Today I was
privileged to be able to attend a service, led by Rabbi Dvir Baris, for Holocaust Memorial Day.
The service was
so brilliantly moving I would like to share some of it here to respect the
memory of those killed in the Holocaust and other Genocides.
Between 1939 and
1945, the Nazis and their collaborators murdered six million Jews. Of these,
one-and-a-half million were children and teenagers. Whole families died and the
names of many Jewish people still remain unknown.
When the Germans
invaded Nagyvarad, a small town in Hungary, Eva Heyman was just thirteen. She
wrote a diary and on the 19th March 1944 she recorded: "The Germans have
come!"
On the 10th May
she wrote that: "The punishment for everything is death." Later that
month, on the 30th May, she wrote: "I don't want to die. […] I can't write
any more, dear diary, the tears run from my eyes, I'm hurrying over to Mariska."
Eva was caught
along with her grandmother and grandfather, and sent to Auschwitz-Birkenau
extermination camp where she was murdered.
War poet, W. H
Auden, wrote Refugee Blues from the
point of view of a Jewish refugee who had fled Europe for America. The poem, published by the Holocaust Memorial Day, is read here by Sheila Hancock.
On Holocaust
Memorial Day other groups of people who were persecuted and murdered are also
remembered: Roma and Sinti people (gypsies), disabled people, gay people,
Jehovah's Witnesses, political opponents, to name but a few. Also remembered are
the millions of men, women and children murdered in the genocides which
followed in Armenia, Cambodia, Rwanda, Bosnia and Darfur.
During World War
1 the Ottmanian Empire conducted systematic extermination of one-and-a-half
million Armenians, mostly citizens within the Ottoman Empire and, more
latterly, the Republic of Turkey, these massacres continued until 1923.

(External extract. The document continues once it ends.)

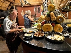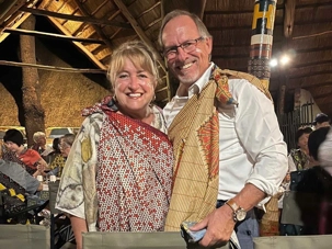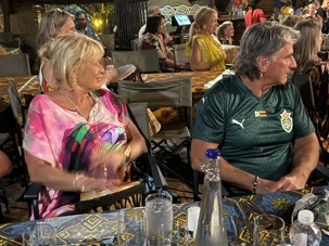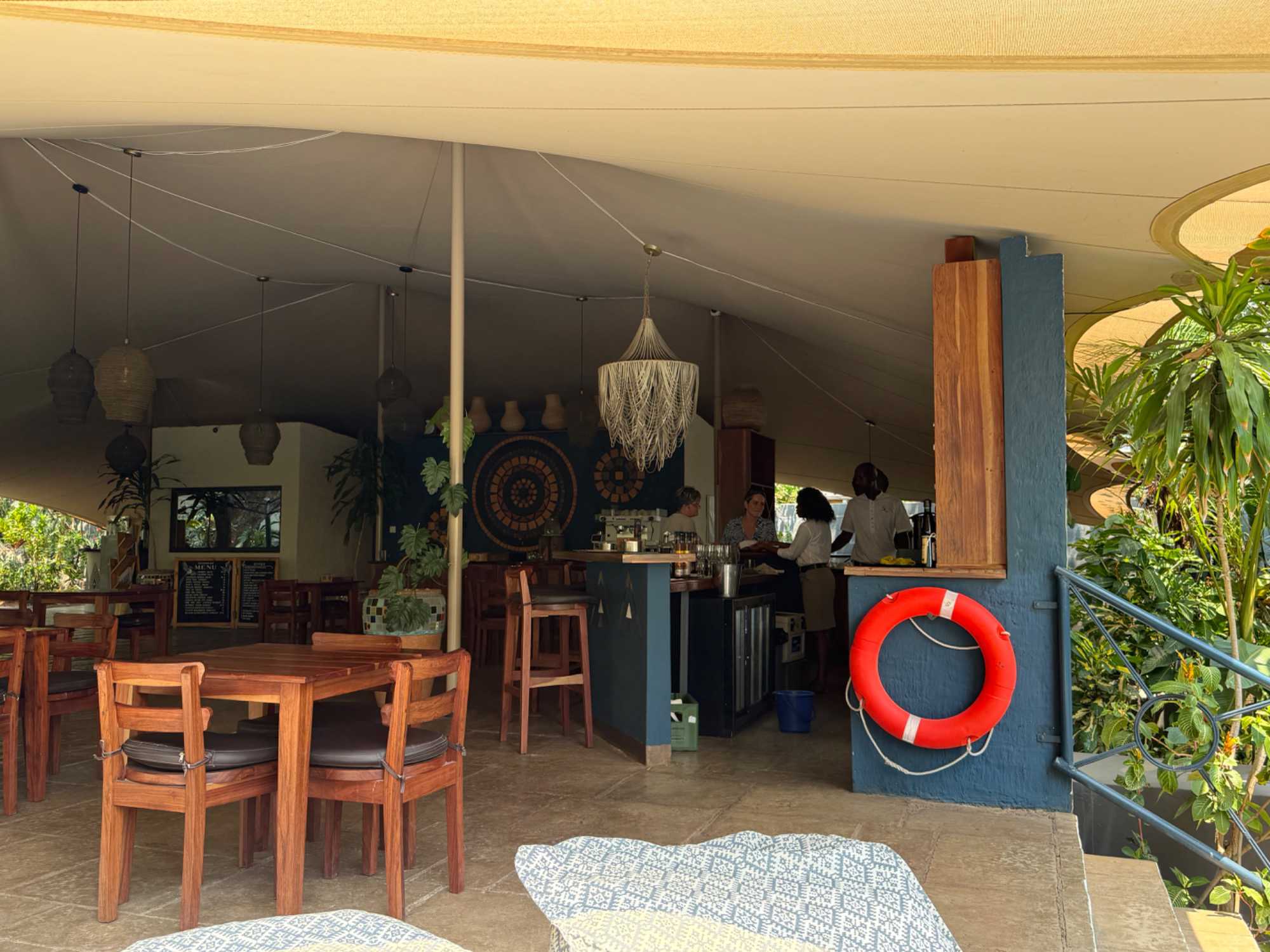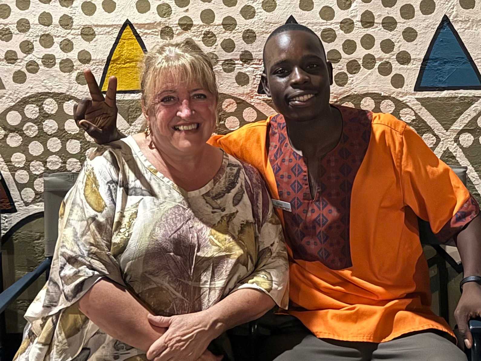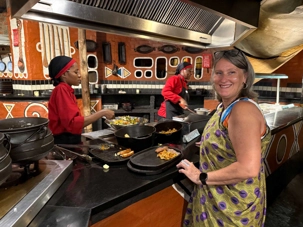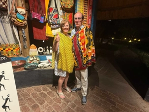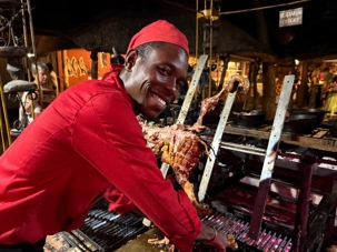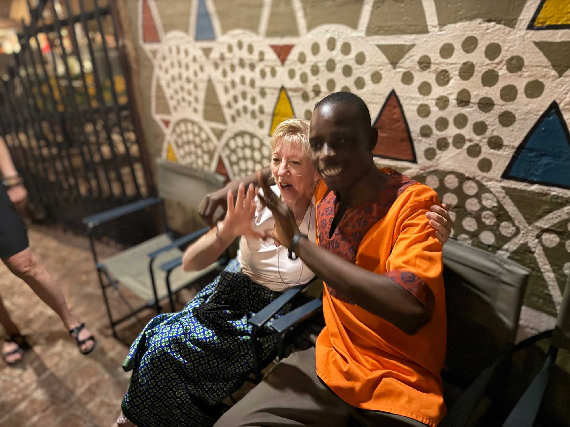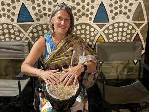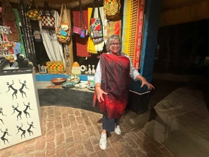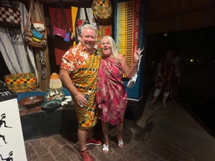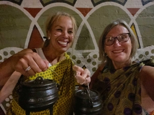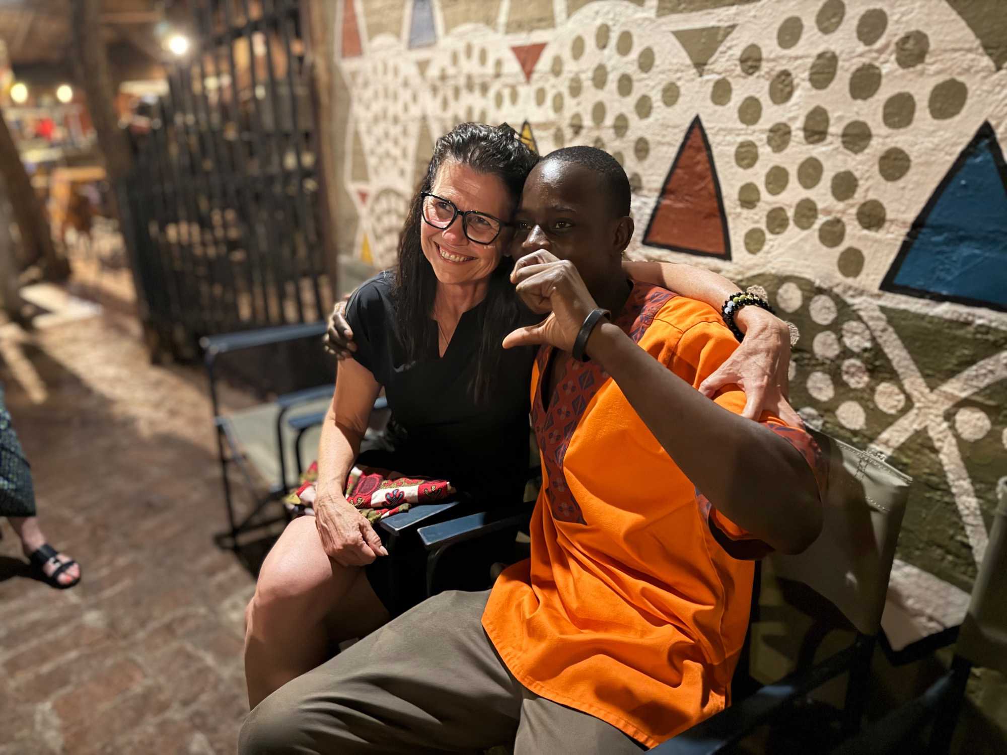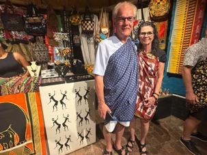 À notre arrivée, chacun a reçu un petit costume traditionnel, et un signe symbolique a été dessiné sur la joue — un joli rituel d’accueil aux accents de fête 🌺. Le site était superbe : lumières tamisées, tambours, chants africains et un immense buffet proposant une variété incroyable de plats locaux. Certains ont osé goûter à la viande sauvage et même au crocodile 🐊 !

Between April and July 1994, around a million people were murdered in the Genocide in Rwanda. Hutus were told that it was their duty to exterminate the Tutsis people and the Rwandan government gave support to the death squads (the Interahamwe). Local officials rounded up victims and created places for their slaughter.
What responsibility to we have to use the power of our words for good today?